Browse Investing

Yield Spread

Difference between two bond yields, used to compare maturity structure, credit conditions, or relative value.

A yield spread is the difference between two yields. In fixed income, investors use it as a quick way to compare bonds, benchmark curves, or points along the same curve.

Yield Spread Formula

$$ \text{Yield Spread} = Y_A - Y_B $$

If one bond yields 5.20% and another yields 4.40%, the yield spread is 0.80%, or 80 basis points.

Why It Matters

Yield spread matters because it turns a relative pricing question into one number investors can compare quickly. Depending on the two securities chosen, the spread can reflect:

  • maturity differences
  • credit differences
  • liquidity differences
  • changing macro expectations

Yield Spread vs. Common Bond Spread Measures

Measure What it compares Best use Main limitation
Yield Spread Any two yields General relative-yield comparison Too broad without context
Credit Spread Risky bond versus safer benchmark Credit analysis and default-risk pricing Not every yield spread is a credit spread
G-Spread Bond versus a similar-maturity government yield Quick government-benchmark comparison Only one benchmark point
Z-Spread Bond price versus the full spot curve Full-curve spread analysis More technical and model-dependent

How It Works in Finance Practice

A desk might discuss:

  • the 2-year versus 10-year Treasury spread to describe the yield curve
  • the spread between a corporate bond and a Treasury to discuss credit conditions
  • the spread between two issuers to compare relative value inside the same sector

That is why the term is useful, but also why it always needs context.

Practical Example

Suppose:

  • 2-year Treasury yield: 4.30%
  • 10-year Treasury yield: 4.75%

The 10-year minus 2-year spread is 45 basis points. Investors use that single number as a shorthand description of one part of the yield curve.
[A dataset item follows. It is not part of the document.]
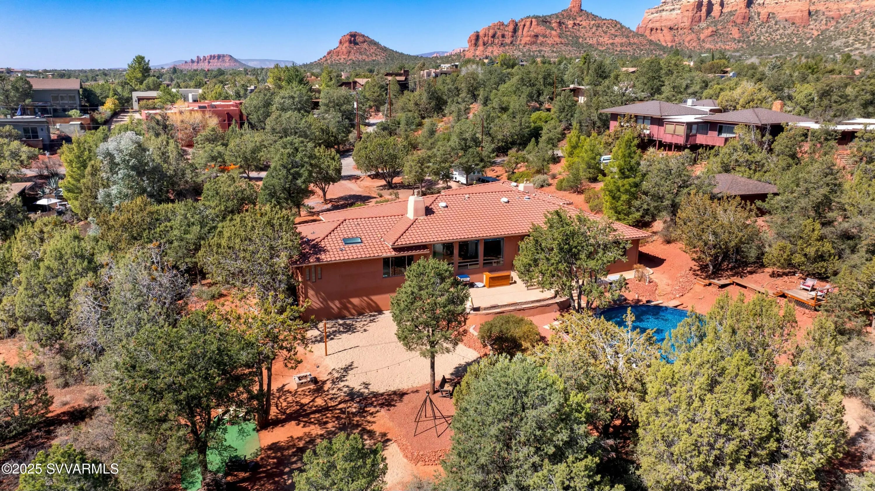 Rare Sedona Retreat - Luxury, Privacy & Prime Location! Discover a truly unique opportunity in the heart of West Sedona! This stunning 3,257 sq. ft. estate features 3 bedrooms, 3 baths, plus a 1-bedroom in-law suite with a separate kitchen and living room, currently set up as a private movie theater. Surrounded by lush, mature trees, this home offers the perfect balance of seclusion and sophistication. Just a short stroll to Sedona's finest shops and restaurants, this property places you in the center of it all while maintaining a serene, resort-like ambiance. Enjoy top-tier amenities, including a sauna, a sparkling pool, and a sand volleyball court—all designed for ultimate relaxation and entertainment. Don't miss out on this rare Sedona gem—schedule your private showing today Experience Sedona like never before - it's not just a home, it's a dream.This exceptional home also offers fantastic potential as an Airbnb, making it a perfect investment opportunity, this one-of -a-kind property offers endless possibilities, but truly a home to fall in love with.. Whether you're seeking a peaceful retreat or a place to share with others, this home is where memories are made and dreams come true !.

Yield spread is a category, not one fixed metric

The meaning depends on which yields you compare.

A wider spread is not automatically bad

Sometimes it signals stress. Other times it simply reflects longer maturity, higher coupon structure, or a different benchmark choice.

  • Credit Spread: One of the most common yield-spread applications.
  • Yield Curve: A structured set of yield spreads across maturities.
  • G-Spread: A specific yield-spread convention against a government bond.
  • Z-Spread: A full-curve spread measure used in relative-value analysis.
  • Yield to Maturity: One of the common yield measures investors compare when talking about spreads.

FAQs

Is every yield spread a credit spread?

No. A credit spread is only one type of yield spread. Many yield spreads compare maturities, sectors, or benchmark curves rather than pure credit risk.

Why are yield spreads often quoted in basis points?

Because basis points make small differences easier to compare consistently across markets.

Can the same bond have different spread measures?

Yes. The same bond can be discussed in terms of yield spread, credit spread, G-spread, Z-spread, or OAS depending on the comparison method.